Ночью Митя стоит на посту. Командир первой роты Ткач сообщил пароли. На полу караульного помещения вповалку лежат партизаны, назначенные на ночное дежурство. Через каждые два часа постовых разводит туго подпоясанный унылый парень. Он из числа тех, кому Митя помог выбраться из железнодорожной роты, однако не знает об этом. Покрикивает на Митю, как на всех остальных. Не успеешь закрыть глаза, как уже снова слышен его пронзительный голос.
Ночь длинная, темная. Митин пост возле дубняка, по которому Катя привела местечковцев в отряд. Дороги тут нет. За дубняком — Медведка и болото. Пост все же ставят.
Вглядываясь в черную как деготь темень, прислушиваясь к лесным шорохам, Митя думает, что жизнь более сложна, запутанна, чем представлялась. Живя в местечке, он даже мысли допустить не мог, что среди партизан найдутся люди, готовые выкопать яму другому. Именно таким кажется теперь старый Омельченка. Зачем оболгал Столярова?

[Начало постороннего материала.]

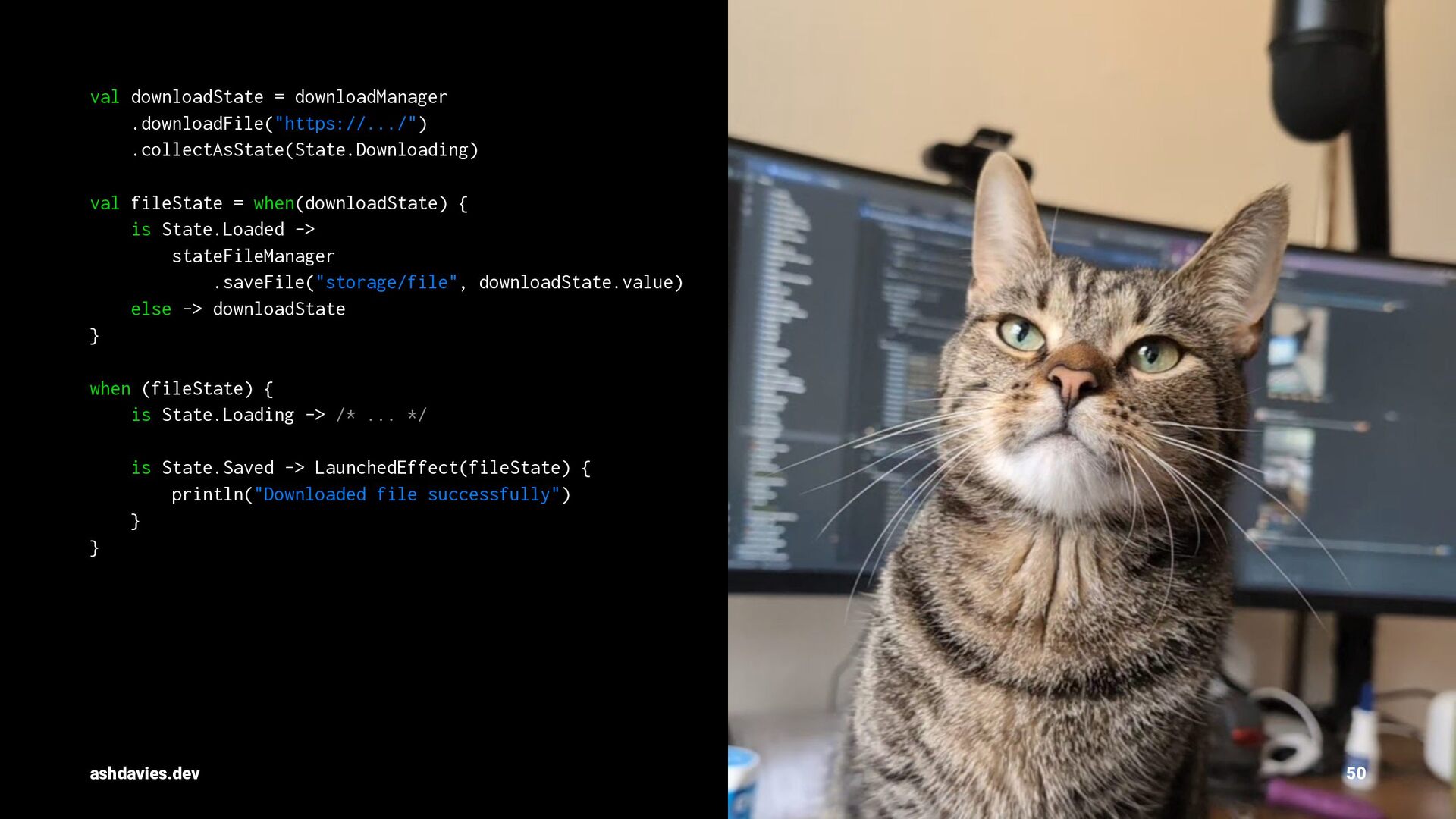 { is State.Loaded -> stateFileManager .saveFile("storage/file", downloadState.value) else -> downloadState } when (fileState) { is State.Loading -> /* ... */ is State.Saved -> LaunchedEffect(fileState) { println("Downloaded file successfully") } } ashdavies.dev 50

Встречая мать Сергея, Митя всегда чувствовал себя виноватым. Ее сын и дочь погибли, а он живет. От бессонной печали у женщины глубоко запали глаза, сделались неподвижными, как бы остекленели. Глядит этими страшными глазами мать и словно ждет ответа. Только что ей скажешь? Какие найдешь слова?
В темноте слышны осторожные шаги. Митя клацает затвором, громко спрашивает:
— Кто идет? Пароль?
— Курск.
— Калуга, — отвечает Митя, узнав по голосу Ткача.
Ткач подходит, закуривает.
— Не замерз?
— Нет. Спать только хочется.
— Поспи днем. Хорошенько выспись. Ночью пойдем на концерт.
— На какой концерт?
— Завтра увидишь.
Выспаться не удалось. На другой день с утра, построившись в колонну, отряд выходит из Рогалей. Впереди вместе с Якубовским и Анкудовичем командир подрывников Лубан.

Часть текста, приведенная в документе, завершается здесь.